WHAT TO DO: In the copy, include every entry exactly but none of its images.

------ DATASET

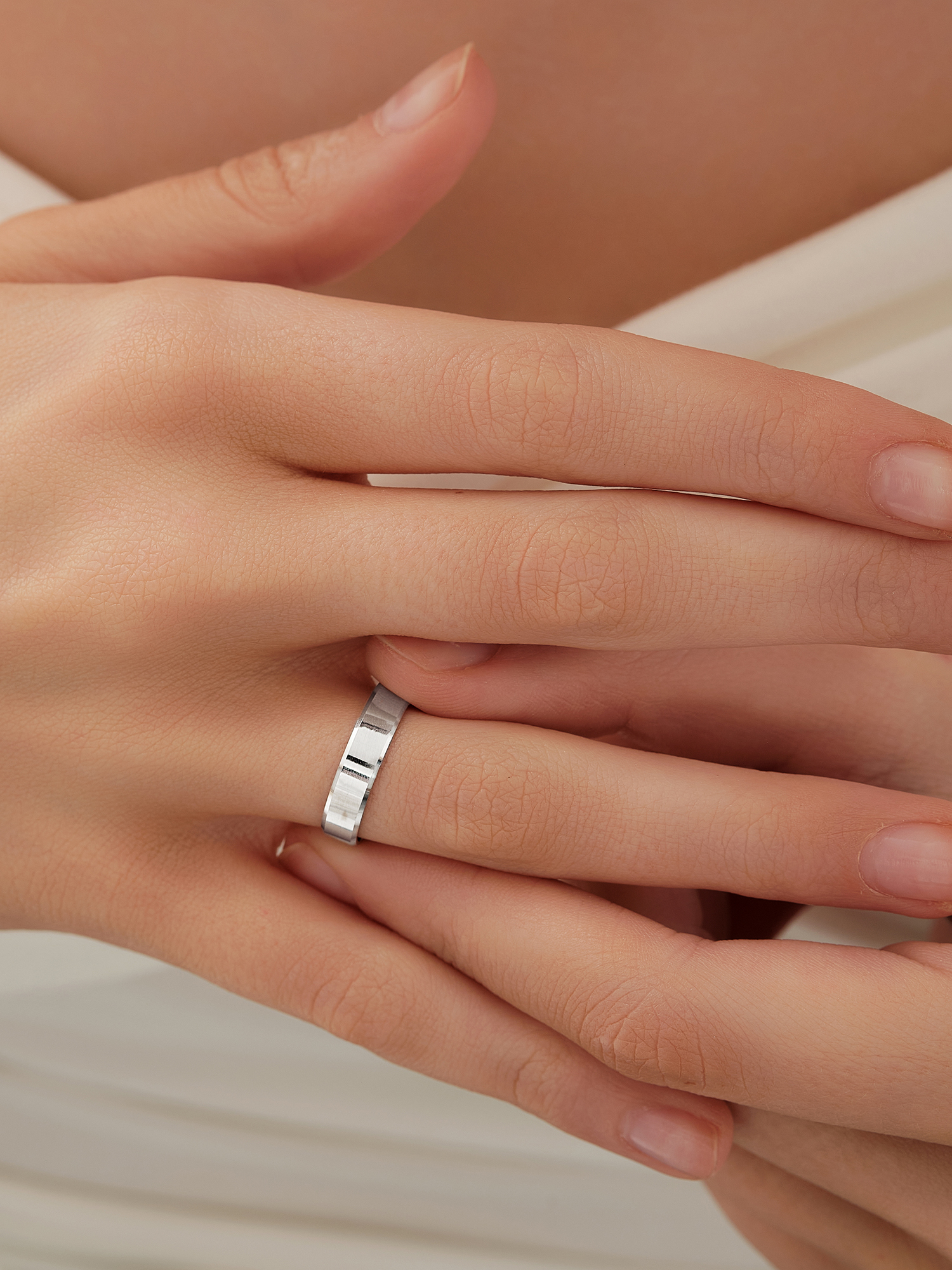 Обручальное кольцо из белого золота 585 пробы с прямым европейским сечением
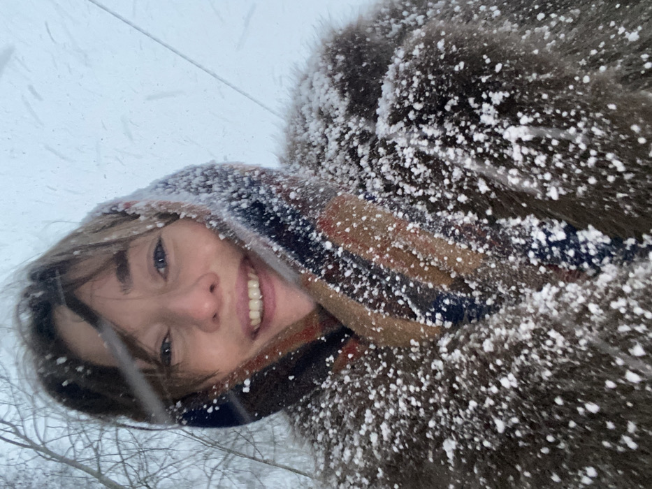 An outdoor portrait captured in Ust-Ilimsk, Russia, depicts a young adult female, seen from the chest up, smiling directly at the camera. Her face is slightly flushed, with light eyes and brown hair, including bangs visible on her forehead. She is bundled in winter attire, consisting of a brown, possibly fur or faux-fur, coat heavily dusted with distinct white snow pellets. A patterned scarf, featuring stripes or blocks of dark blue, brown, and red, is wrapped around her head and neck, framing her face. The immediate environment shows heavy snowfall, with individual snow pellets visible throughout the frame and accumulated on her outerwear. The background is a soft blur of light grey and white, with faint outlines of bare tree branches visible on the left side, indicating a winter landscape.
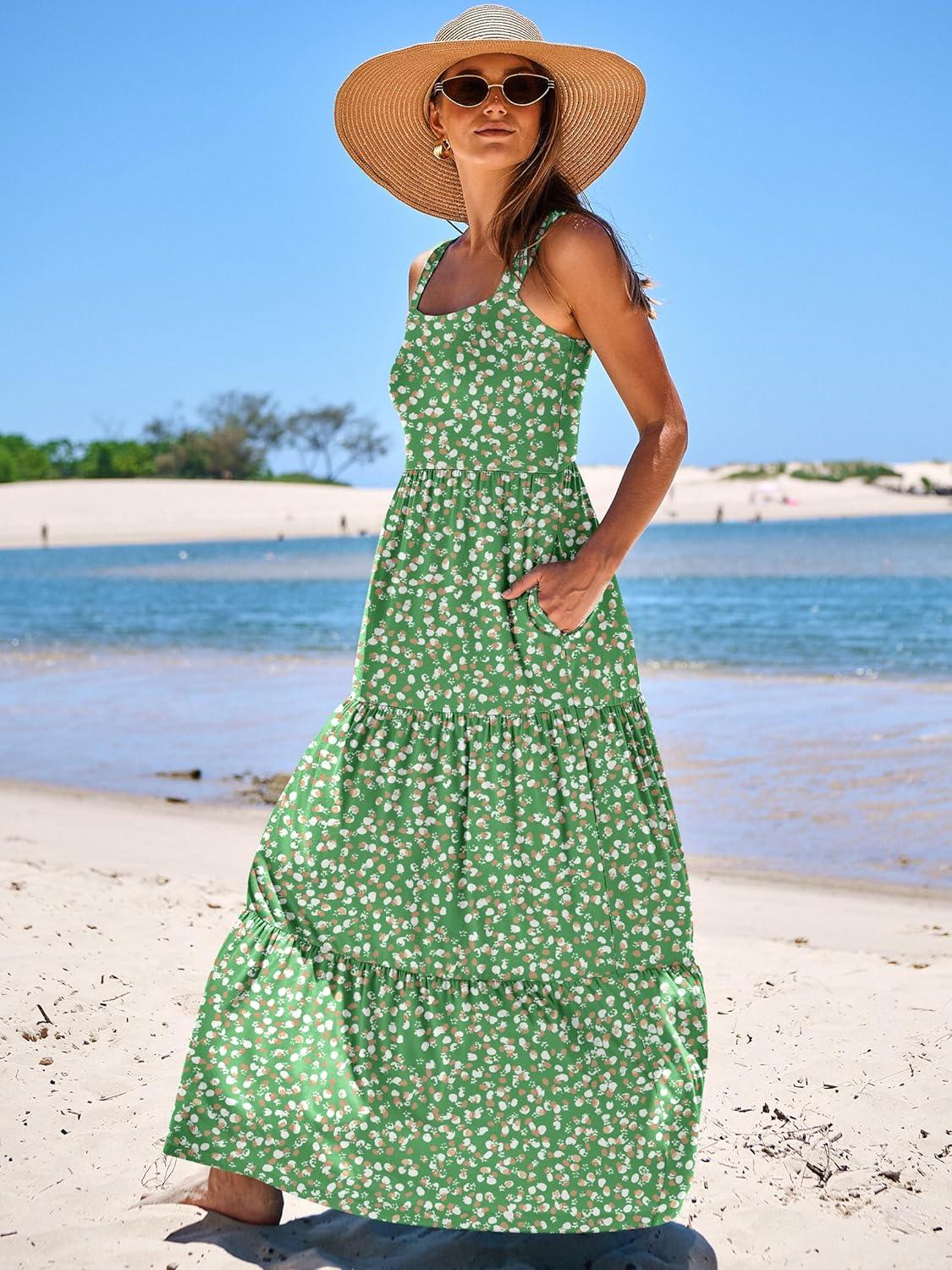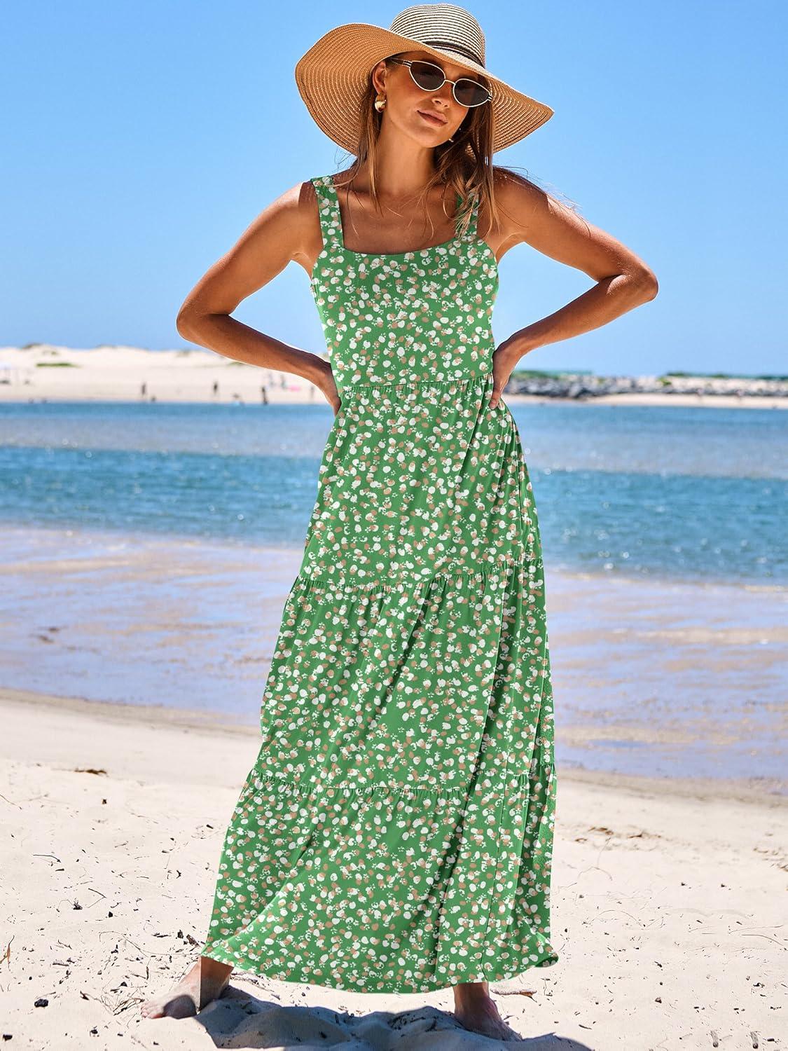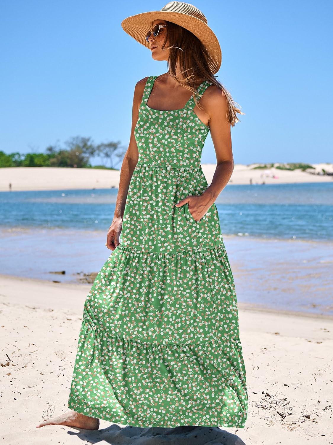 ANRABESS Women’s Summer Casual Long Maxi Beach Vacation Dresses Sleeveless Square Neck Flowy Tiered Sun Dress with Pockets(Green White Point)
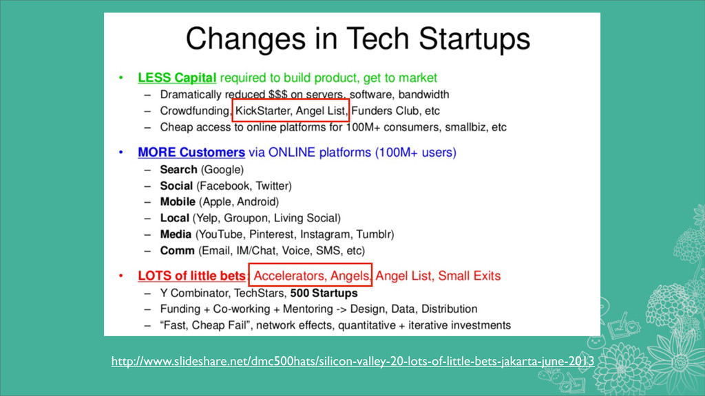 Text http://www.slideshare.net/dmc500hats/silicon-valley-20-lots-of-little-bets-jakarta-june-2013
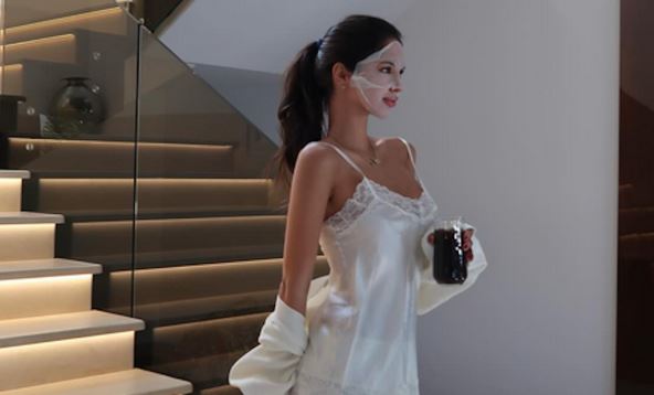 Ćerka Harisa i Meline je u svom domu u Beogradu pozirala na luksuznim stepenicama, u kratkoj svilenoj spavaćici sa čipkom. U prvi plan je istakla svoje duge noge, a na licu je imala masku. U opisu je napisala da tako izgledanju "njena jutra".

------------

EXPECTED OUTPUT:
 Обручальное кольцо из белого золота 585 пробы с прямым европейским сечением
 An outdoor portrait captured in Ust-Ilimsk, Russia, depicts a young adult female, seen from the chest up, smiling directly at the camera. Her face is slightly flushed, with light eyes and brown hair, including bangs visible on her forehead. She is bundled in winter attire, consisting of a brown, possibly fur or faux-fur, coat heavily dusted with distinct white snow pellets. A patterned scarf, featuring stripes or blocks of dark blue, brown, and red, is wrapped around her head and neck, framing her face. The immediate environment shows heavy snowfall, with individual snow pellets visible throughout the frame and accumulated on her outerwear. The background is a soft blur of light grey and white, with faint outlines of bare tree branches visible on the left side, indicating a winter landscape.
 ANRABESS Women’s Summer Casual Long Maxi Beach Vacation Dresses Sleeveless Square Neck Flowy Tiered Sun Dress with Pockets(Green White Point)
 Text http://www.slideshare.net/dmc500hats/silicon-valley-20-lots-of-little-bets-jakarta-june-2013
 Ćerka Harisa i Meline je u svom domu u Beogradu pozirala na luksuznim stepenicama, u kratkoj svilenoj spavaćici sa čipkom. U prvi plan je istakla svoje duge noge, a na licu je imala masku. U opisu je napisala da tako izgledanju "njena jutra".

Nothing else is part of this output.